Flask productionization tutorials: https://blog.cambridgespark.com/deploying-a-machine-learning-model-to-the-web-725688b851c7 and https://towardsdatascience.com/productionize-a-machine-learning-model-with-flask-and-heroku-8201260503d2
sklearn_dummies: https://sklearn-dummies.readthedocs.io/en/latest/#
To see more info go to Fotocasa-Scrapy
- Extracted the District and the Borough from the Neighborhood column.
- Inputed missing values of Antiquity by the mode in each borough and then district.
- Inputed missing values in Rooms and Bathrooms with 1s (considering a minimum of 1 room and 1 bathroom)
- Inputed missing values of Size by the mean size in each borough and then district.

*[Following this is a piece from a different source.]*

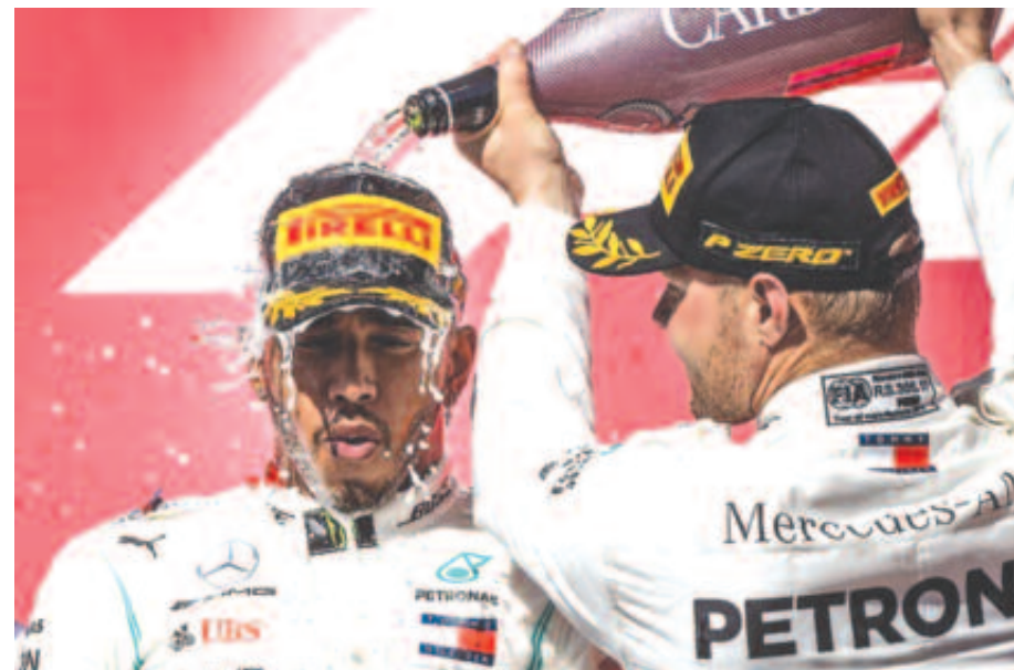
A futamgyőztes Bottas világbajnok csapattársát ünnepli.

S hogy mi akadályozta meg abban, hogy futamgyőzelemmel ünnepelje az újabb vb-címet? Austinban jól indult a verseny, az ötö-

- Inputed missing values of Furnished and Elevator with 0
- Extracted extra features from the Extra column:
- Air conditioner (y/n), Community zone (y/n), Concierge (y/n), Equipped kitchen (y/n), Ensuite (y/n), Terrace (y/n)
- Missing values from Energy Consumption were inputed with non-missing values from Emissions
- Missing values for floor were inputed using k-neighbors classifier
The following choropleth map shows the rent cost's distribution by borough in Madrid:
Northern boroughs have higher rent cost than southern boroughs. The most common type of property are flats (Piso in Spanish), but these are not the most expensive properties, which are attached houses (Casa adosada in Spanish), although this type of properties are very rare in Madrid's rental market as shown in the graph bellow:
Size and number of bathrooms are highly correlated with the final rent cost. Other variables such as the number of rooms and wether the bathroom is ensuite or have also a relatively high correlation.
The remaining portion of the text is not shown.